KEY POINTS:
Former All Black Doug Rollerson and ex-Kiwi league captain Hugh McGahan used an elaborate scheme of invoices and accounts to defraud sports organisations out of charity money, an Auckland court has heard.
A depositions hearing for Rollerson, McGahan, Touch New Zealand former chief executive, Dick Arnott, and former employee, Geoffrey Alan Thompson, began in the Auckland District Court today.
The fifth accused is a woman who has name suppression.
The group is accused of supplying Touch New Zealand, the North Harbour Rugby Union and Team Harbour Limited with false invoices.

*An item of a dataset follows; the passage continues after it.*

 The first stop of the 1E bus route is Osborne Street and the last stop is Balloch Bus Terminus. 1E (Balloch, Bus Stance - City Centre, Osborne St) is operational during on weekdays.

Last week former rugby league star Brent Todd admitted four fraud charges, three days before he was due to face a depositions hearing.

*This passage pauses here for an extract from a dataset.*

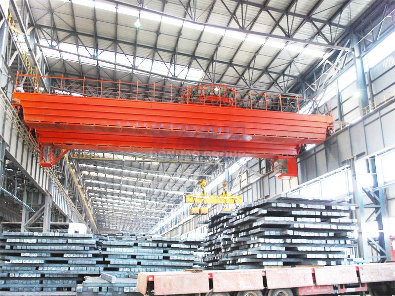 Used for transporting black metals such as long slabs and bars. Rotation can be achieved in two forms. One form is the hanging beam rotation, which is a double-layer structure. The upper hanging beam is wrapped with a steel wire rope through a pulley system, and the lower hanging beam is equipped with multiple electromagnetic suction cups or clamps, which can rotate a certain angle with the driving mechanism. Another form is the rotation of the trolley, which is a double-layer structure. The upper trolley is equipped with a lifting mechanism, and the lower trolley is a running trolley with a circular track laid on top. The upper trolley can rotate along the circular track.

Todd, who played 28 tests for the Kiwis between 1985 and 1993, admitted the charges when he appeared in Auckland District Court on Friday.
Another accused, Stanley Malik Champalal Wijeyaratne, also pleaded guilty to four charges, both men will be sentenced next month.
Today Serious Fraud Office forensic accountant Clive Hudson produced several flow charts to show the "merry-go-round" of false invoices, the group are alleged to have used to procure the funds.
One spreadsheet found on McGahan's laptop computer, showing details of the grants, had 19 versions, Mr Hudson said.
Rollerson's lawyer, John Haigh, QC, asked whether the practice among some sporting organisations of paying kickbacks to hotels they received gaming machine proceeds from was common.
Mr Hudson said he knew of the practice but said the charges against the accused were more connected to false invoicing.
The Serious Fraud Office said it had 83 witnesses but would call between five and eight to give evidence.
The hearing is expected to last four weeks.